Masyarakat desa Pulang Pisau, Kahayaan Hilir mengenal sistem “handil” yang berbasis gotong royong dalam pengelolaan dan perlindungan lahan gambut di daerah mereka. Masyarakat disana telah menyepakati bagian-bagian lahan gambut mana saja yang patut dijaga sebagai wilayah keramat – yang biasanya digunakan sebagai tempat ritual adat, dan wilayah bahu dan bahu rimba sebagai wilayh yang dapat ditanami tanaman pangan dan produksi sebagai sumber pemasukan warga.
Selain pembagian lahan, papar Dewi, sistem “handil” pun memperhatikan pemeliharaan sungai dan sumber air sekitar dalam pemanfaatan lahan gambut. Warga Pulang Pisau tidak hanya bertugas mengelola dan memanfaatkan lahan yang ada, tapi juga diharuskan menjaga keberlanjutan sumber air sekitar seperti sungai ataupun danau.
“Kunci utama dari sistem ini terletak pada pembagian lahan gambut untuk masyarakat kampung.
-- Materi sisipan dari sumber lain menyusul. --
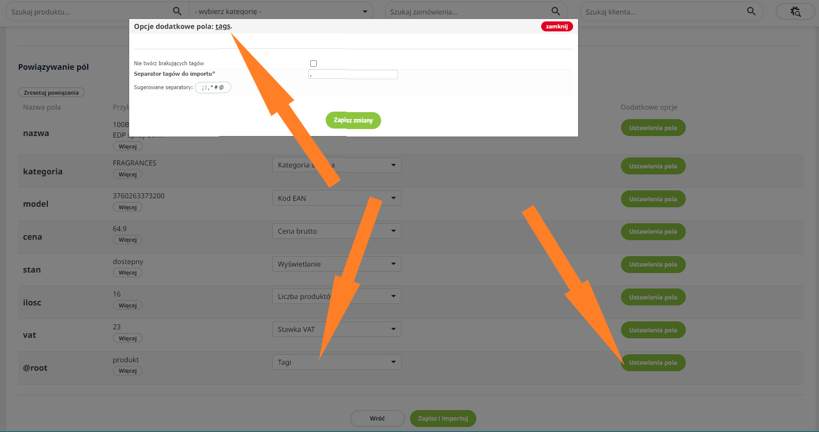 Integrator XML/CSV został rozbudowany o dodatkowe pole „TAGI”, które umożliwia przyporządkowanie produktów do danego tagu, a jeśli tagu nie ma w bazie danych, to możliwe jest dodanie go do listy tagów za pomocą importu. Tagi można podawać rozdzielone separatorem lub w nowych wierszach. Dodawanie tagów możliwe jest przy powiązaniu produktów po ID produktu lub po Kodzie EAN.

Warga telah memiliki tugas dan kegiatan pemeliharan sungai dan lahan sesuai kesepakatan bersama,” kata Dewi.
Dewi menambahkan, sistem “handil” ini dapat dijadikan contoh pelibatan masyarakat yang dapat meninngkatkan keberhasilan pengelolaan ekosistem gambut secara lestari baik dari sisi lingkungan maupun sosial.